I shook my head. “No one ever tells me anything,” I said. “You would think I have a right to know what happened to me, but nobody wants to talk about it. It’s like they’re afraid that if they talk about it, I’ll just keel over and die or that I won’t be able to handle it. But I can. I deserve to know the truth.”
> “It was pretty scary,” she said, her eyes welling up with tears. “Seeing you lying there like that, attached to all those monitors with your head bandaged up. For a long time, I had trouble sleeping at night, because I was scared they’d get a call and not want to wake me up to take me to the hospital to see you one last time.”
I moved around the corner of the island and pulled my little sister into my arms again. She leaned her head against my shoulder, fresh tears falling against my skin.
“I’m so sorry,” I said.
“It wasn’t your fault,” she said.
“That’s not what everyone else thinks, though, is it?” I asked.
“It doesn’t matter now, anyway,” she said, pulling away. “Who cares what they think? What matters is that you’re here now.”
I wanted to agree with her. I wanted to be grateful for my life and leave the past behind. Get back to normal and forget about trying to figure out what really happened.
But I was beyond that now. Something horrible was happening, and I had to figure it out before it took my life next.
Outside, Mom’s car pulled into the driveway.
Kimi and I dried our tears and pretended to act normal when she came inside. But deep inside, I knew that normal was something I would never be again.
16
Even More Terrifying
I didn’t get a chance to look at the pictures on my phone until after dinner. I retreated to my room and pulled them up on my laptop.
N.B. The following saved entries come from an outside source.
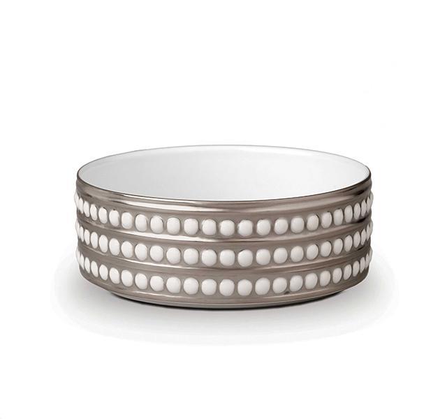 L'Objet Perlée platinum deep bowl. Inspired by the enduring modernity and timeless elegance of the pearl, Perlée is an expression of classic dinnerware. The collection is made of limoges porcelain with meticulously hand-painted details in platinum that highlight the individual pearls.
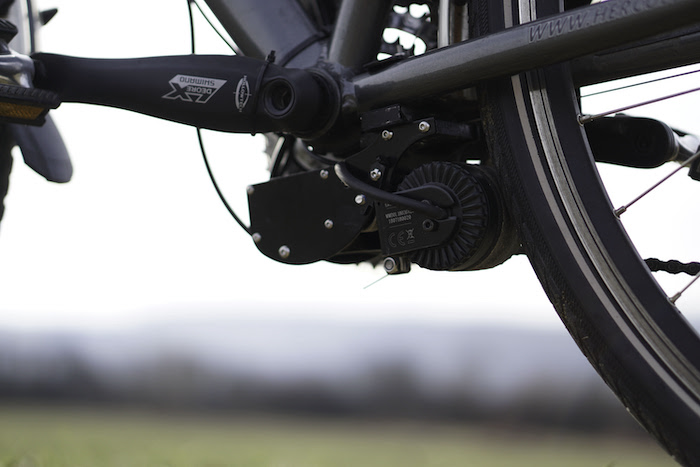 Le bloc moteur pèse seulement 950 grammes et se fixe sous le pédalier. Il peut être complètement débrayé pour continuer à utiliser son vélo Gboost sans assistance, comme un vélo normal, supprimant ainsi la crainte de tomber en panne de batterie. Il est également possible de le garder embrayé pour recharger sa batterie lorsque le cycliste est en descente.
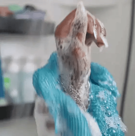 Dank des robusten Materials ist es extrem langlebig und reißfest. Bei täglicher Nutzung empfehlen wir aus hygienischen Gründen, es nach etwa 6 Monaten auszutauschen – deutlich länger als herkömmliche Schwämme.
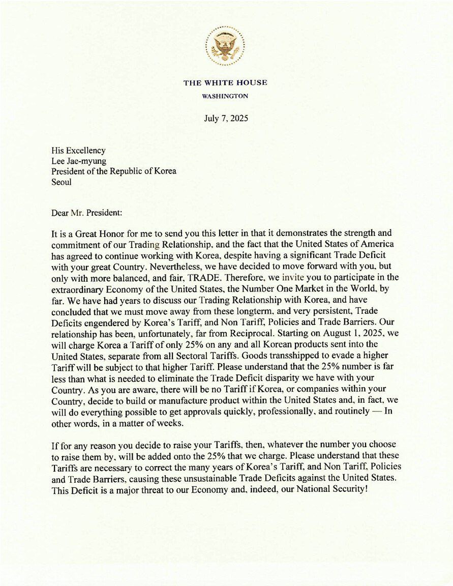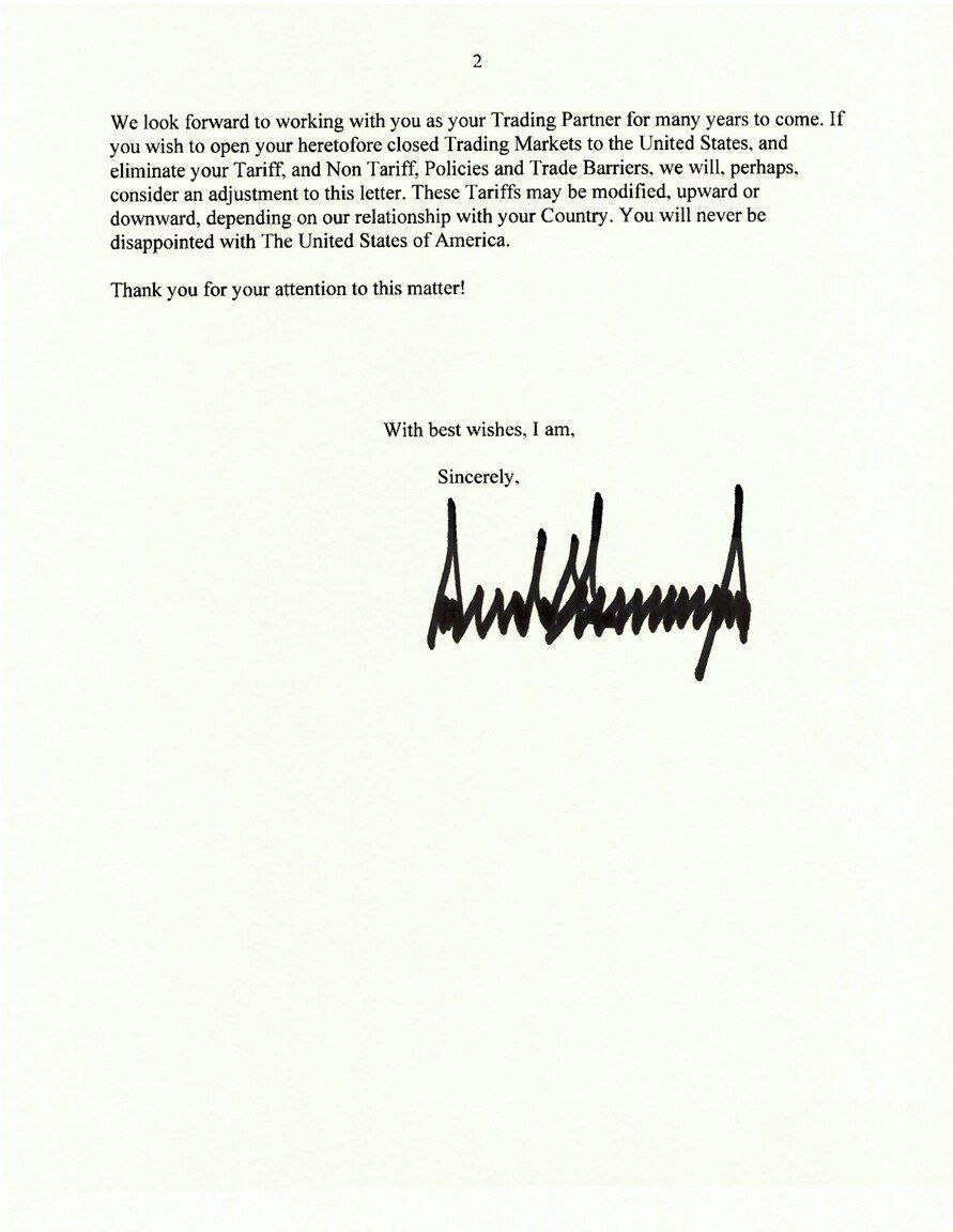 "Ми зобов’язані покласти край торговим дефіцитам, викликаним тарифними та нетарифними бар’єрами цих держав… У зв’язку з цим, ми встановлюємо 25% мито на всі товари, що надходять", – йдеться в листах, надісланих керівництву обох азійських країн.

They were even more terrifying the second time around.
It was all the same symbol, but they were all different sizes with varying degrees of wildly drawn lines.
This was clearly the work of a person who was completely out of their mind. That didn't fit with my friend at all. She was healthy and perky and much more positive and outgoing than I had ever been.
Hell, she’d just run a 5K two days before the accident and gotten first place. She wasn’t sick. She couldn't have been. Maybe I needed to talk to her coach and find out if she’d noticed anything strange.